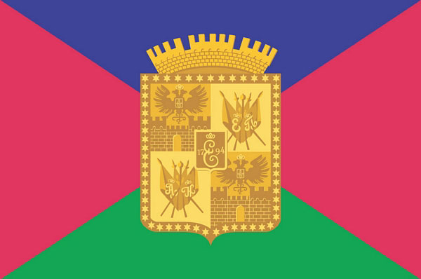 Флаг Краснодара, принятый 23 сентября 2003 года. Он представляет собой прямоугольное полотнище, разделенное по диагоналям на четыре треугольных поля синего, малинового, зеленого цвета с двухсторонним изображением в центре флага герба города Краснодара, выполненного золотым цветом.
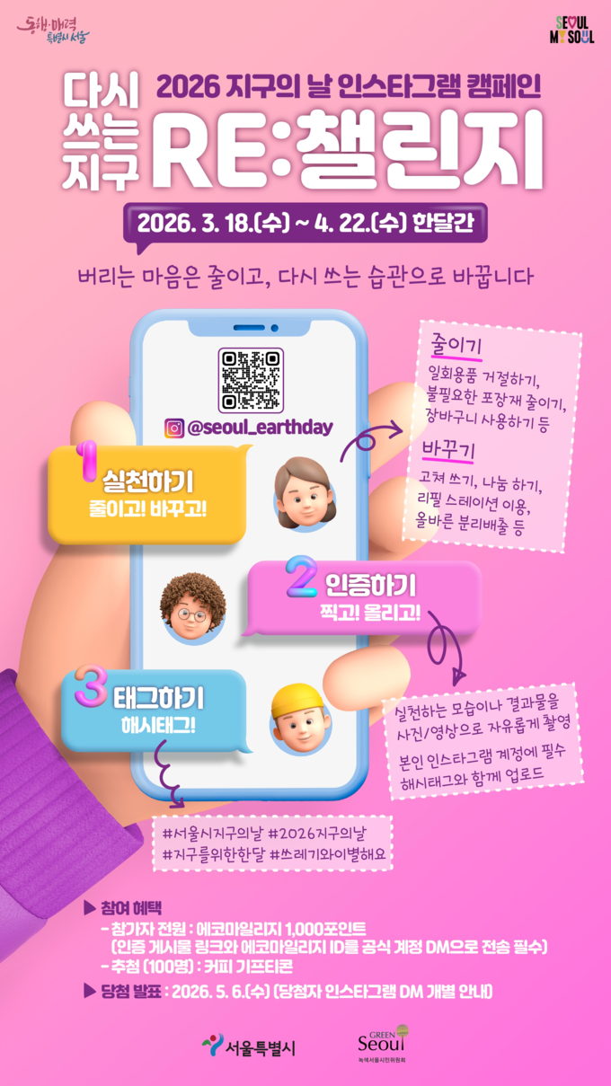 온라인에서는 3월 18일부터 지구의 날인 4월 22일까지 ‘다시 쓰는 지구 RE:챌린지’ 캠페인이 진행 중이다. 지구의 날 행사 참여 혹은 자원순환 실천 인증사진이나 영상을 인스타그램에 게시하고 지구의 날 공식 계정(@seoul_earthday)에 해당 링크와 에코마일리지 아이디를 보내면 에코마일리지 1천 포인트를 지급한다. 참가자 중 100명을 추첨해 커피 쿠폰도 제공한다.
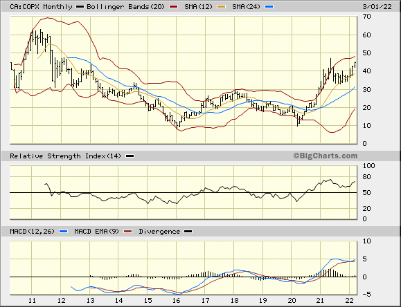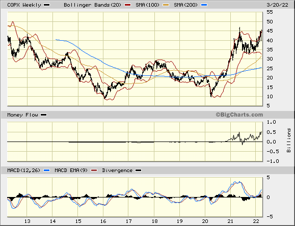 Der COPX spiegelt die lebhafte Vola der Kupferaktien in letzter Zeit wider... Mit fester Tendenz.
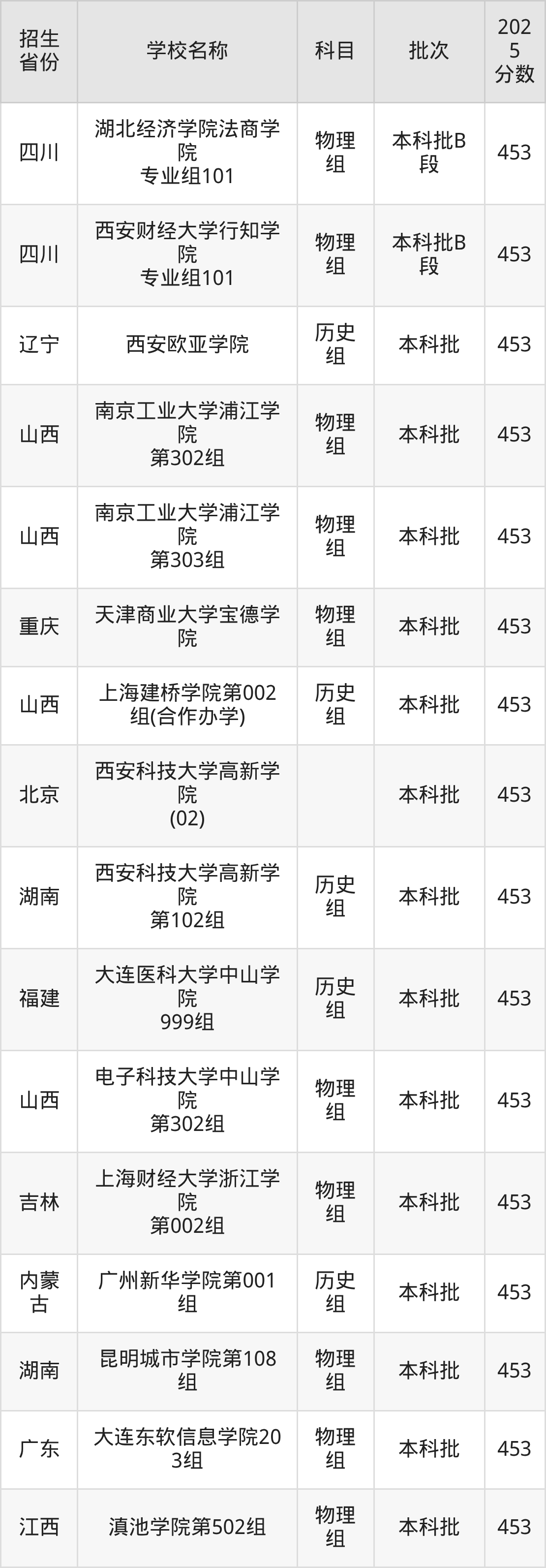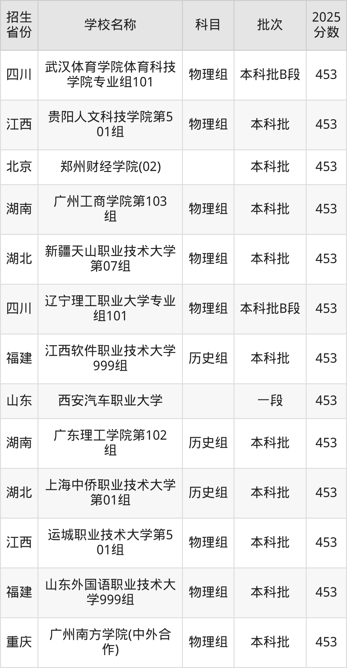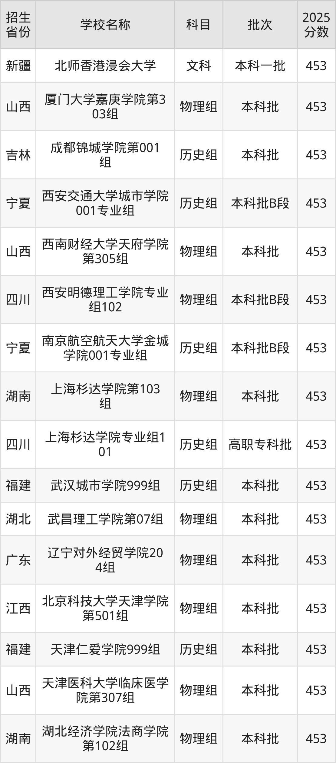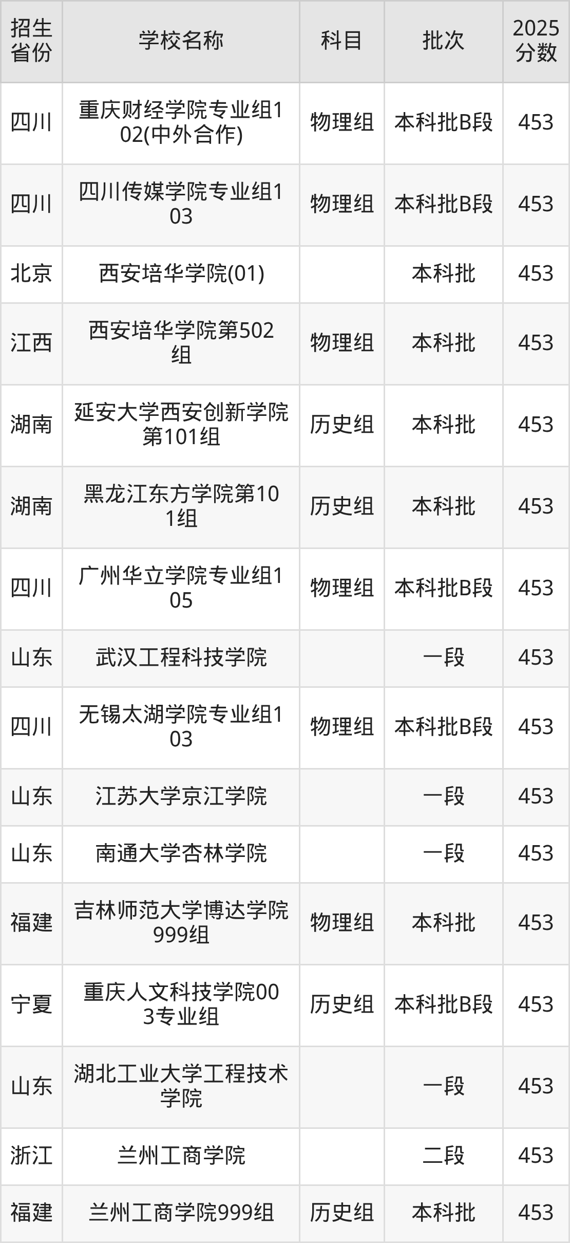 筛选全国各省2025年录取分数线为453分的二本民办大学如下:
==
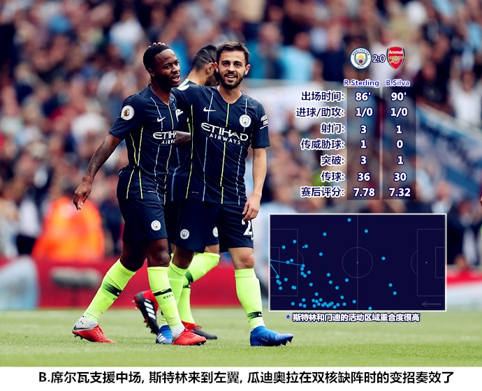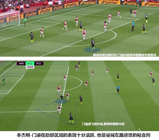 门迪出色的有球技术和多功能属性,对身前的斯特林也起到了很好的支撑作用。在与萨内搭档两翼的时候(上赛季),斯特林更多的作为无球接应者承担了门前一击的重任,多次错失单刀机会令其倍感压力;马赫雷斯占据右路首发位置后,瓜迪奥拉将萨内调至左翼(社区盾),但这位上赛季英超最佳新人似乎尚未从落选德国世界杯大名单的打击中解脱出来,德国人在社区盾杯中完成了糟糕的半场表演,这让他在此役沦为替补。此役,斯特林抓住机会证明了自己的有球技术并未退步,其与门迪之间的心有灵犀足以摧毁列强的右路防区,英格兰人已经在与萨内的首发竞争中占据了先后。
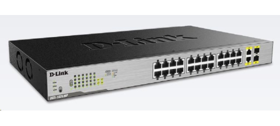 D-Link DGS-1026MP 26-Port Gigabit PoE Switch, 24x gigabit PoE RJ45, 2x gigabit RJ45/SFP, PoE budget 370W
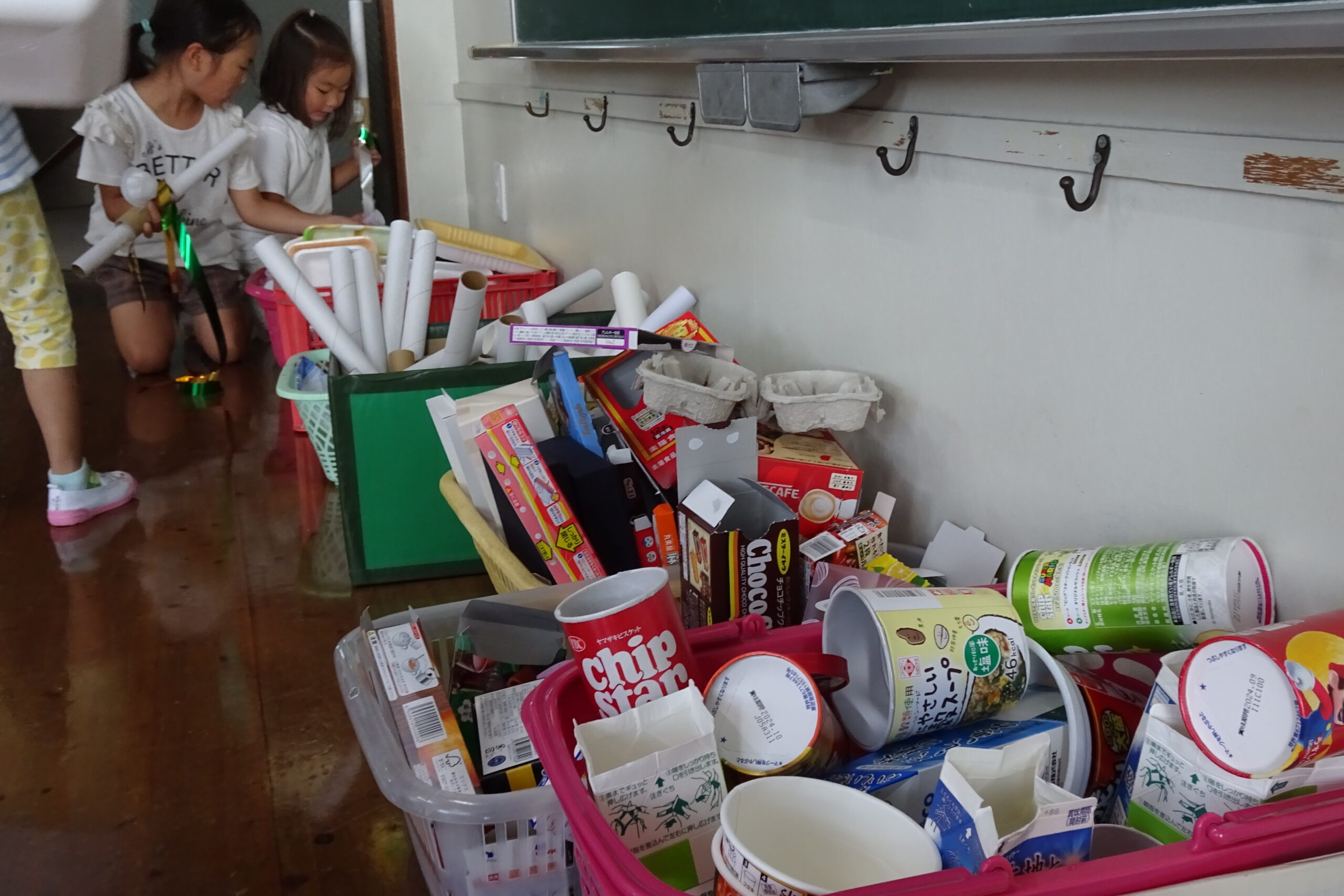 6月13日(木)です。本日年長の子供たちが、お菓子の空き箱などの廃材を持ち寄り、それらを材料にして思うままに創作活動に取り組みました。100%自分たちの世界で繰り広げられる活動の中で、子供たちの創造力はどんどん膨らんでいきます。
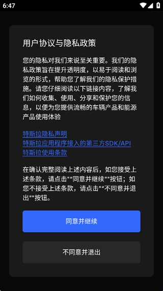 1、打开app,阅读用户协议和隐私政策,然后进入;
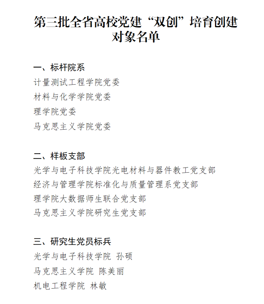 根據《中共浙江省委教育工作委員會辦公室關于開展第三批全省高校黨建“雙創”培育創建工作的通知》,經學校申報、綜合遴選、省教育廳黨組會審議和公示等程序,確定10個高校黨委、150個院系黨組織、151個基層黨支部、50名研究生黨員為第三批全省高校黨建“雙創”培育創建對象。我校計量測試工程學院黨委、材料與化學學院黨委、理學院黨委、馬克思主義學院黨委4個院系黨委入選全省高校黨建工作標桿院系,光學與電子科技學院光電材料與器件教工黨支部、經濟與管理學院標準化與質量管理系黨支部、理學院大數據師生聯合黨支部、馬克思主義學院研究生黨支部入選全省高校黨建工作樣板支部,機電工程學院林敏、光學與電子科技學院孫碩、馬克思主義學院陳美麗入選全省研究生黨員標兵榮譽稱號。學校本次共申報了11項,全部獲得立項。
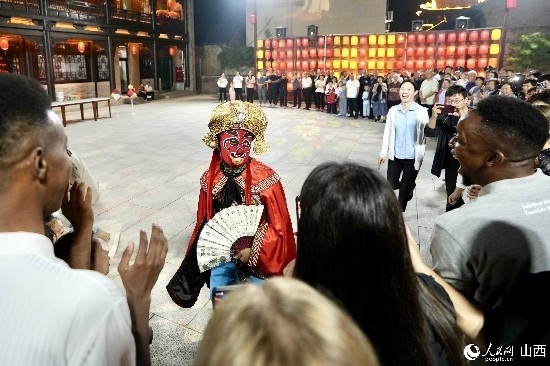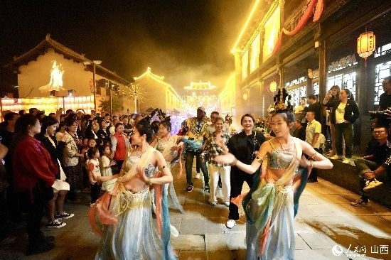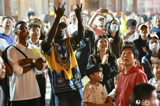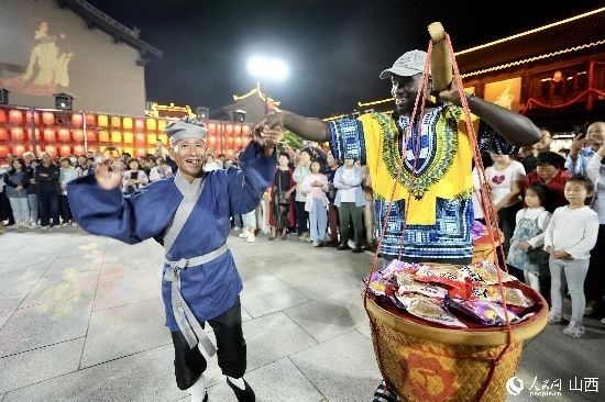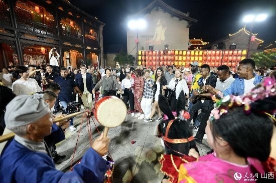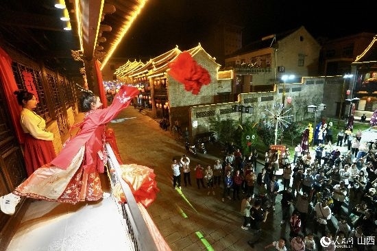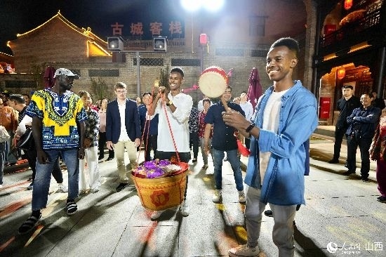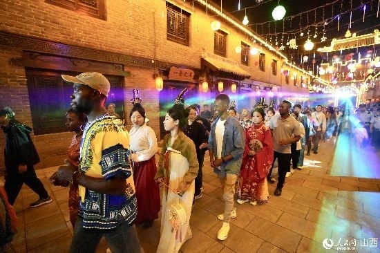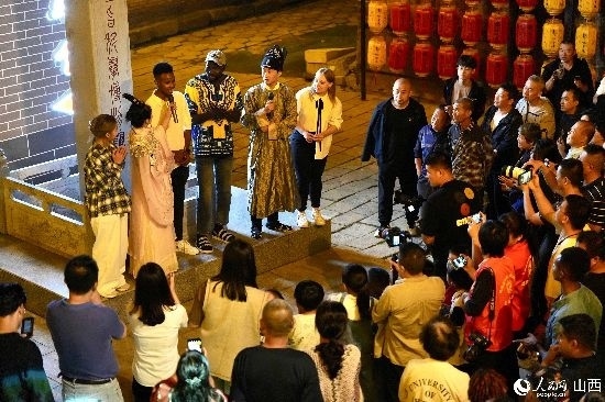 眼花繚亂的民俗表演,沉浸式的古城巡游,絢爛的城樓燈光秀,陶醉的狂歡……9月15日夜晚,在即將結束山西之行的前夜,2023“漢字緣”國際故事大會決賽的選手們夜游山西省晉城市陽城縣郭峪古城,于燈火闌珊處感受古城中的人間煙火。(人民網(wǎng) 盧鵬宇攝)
==
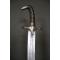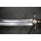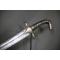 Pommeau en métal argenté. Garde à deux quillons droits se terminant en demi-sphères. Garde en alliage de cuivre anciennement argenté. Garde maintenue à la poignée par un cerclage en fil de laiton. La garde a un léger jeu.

**What this task involves**
In the listing above, find the line with "6月13日(木)です。本日年" and output it and every line after it up to and including the line with "眼花繚亂的民俗表演,沉浸式的", exactly, minus the pictures.

**Answer to this problem**
 6月13日(木)です。本日年長の子供たちが、お菓子の空き箱などの廃材を持ち寄り、それらを材料にして思うままに創作活動に取り組みました。100%自分たちの世界で繰り広げられる活動の中で、子供たちの創造力はどんどん膨らんでいきます。
 1、打开app,阅读用户协议和隐私政策,然后进入;
 根據《中共浙江省委教育工作委員會辦公室關于開展第三批全省高校黨建“雙創”培育創建工作的通知》,經學校申報、綜合遴選、省教育廳黨組會審議和公示等程序,確定10個高校黨委、150個院系黨組織、151個基層黨支部、50名研究生黨員為第三批全省高校黨建“雙創”培育創建對象。我校計量測試工程學院黨委、材料與化學學院黨委、理學院黨委、馬克思主義學院黨委4個院系黨委入選全省高校黨建工作標桿院系,光學與電子科技學院光電材料與器件教工黨支部、經濟與管理學院標準化與質量管理系黨支部、理學院大數據師生聯合黨支部、馬克思主義學院研究生黨支部入選全省高校黨建工作樣板支部,機電工程學院林敏、光學與電子科技學院孫碩、馬克思主義學院陳美麗入選全省研究生黨員標兵榮譽稱號。學校本次共申報了11項,全部獲得立項。
 眼花繚亂的民俗表演,沉浸式的古城巡游,絢爛的城樓燈光秀,陶醉的狂歡……9月15日夜晚,在即將結束山西之行的前夜,2023“漢字緣”國際故事大會決賽的選手們夜游山西省晉城市陽城縣郭峪古城,于燈火闌珊處感受古城中的人間煙火。(人民網(wǎng) 盧鵬宇攝)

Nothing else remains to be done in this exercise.